> _Source material_:
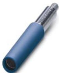
Prüfsteckerbuchse, Farbe: blau

Bitte beachten Sie, dass die hier angegebenen Daten dem Online-Katalog entnommen sind. Die vollständigen Informationen und Daten entnehmen Sie bitte der Anwenderdokumentation. Es gelten die Allgemeinen Nutzungsbedingungen für Internet-Downloads. ( http://phoenixcontact.de/download )
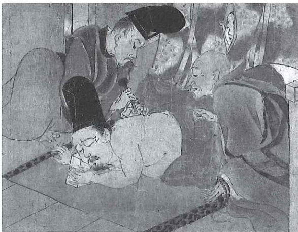
病草紙断簡 平安時代後期
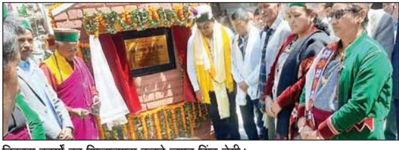
विकास कार्यों का शिलान्यास करते जगत सिंह नेगी।
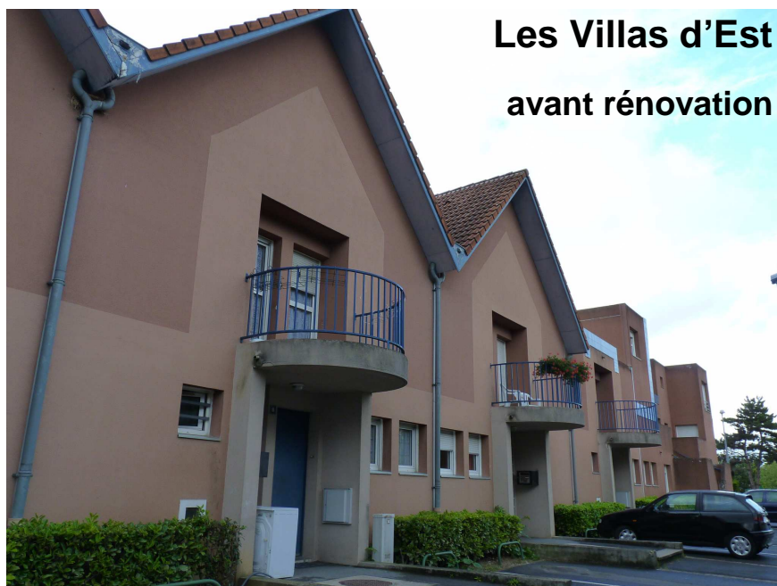
Les Villas d'Est avant rénovation
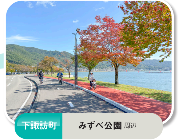
下諏訪町 みずべ公園 周辺
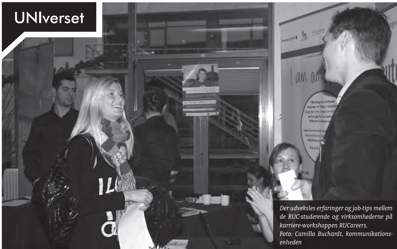
Der udveksles erfaringer og job-tips mellem de RUC-studerende og virksomhederne på karriere-workshoppen RUCareers.
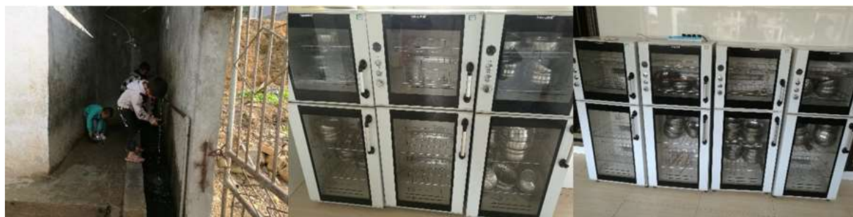
图 III-3 用餐卫生情况组图

> _What you should do_: Extract, word for word, every line from the one containing "病草紙断簡 平安時代後期" to the end of the data above, both ends included, and leave out the pictures.

> _Exercise result_:
病草紙断簡 平安時代後期
विकास कार्यों का शिलान्यास करते जगत सिंह नेगी।
Les Villas d'Est avant rénovation
下諏訪町 みずべ公園 周辺
Der udveksles erfaringer og job-tips mellem de RUC-studerende og virksomhederne på karriere-workshoppen RUCareers.
图 III-3 用餐卫生情况组图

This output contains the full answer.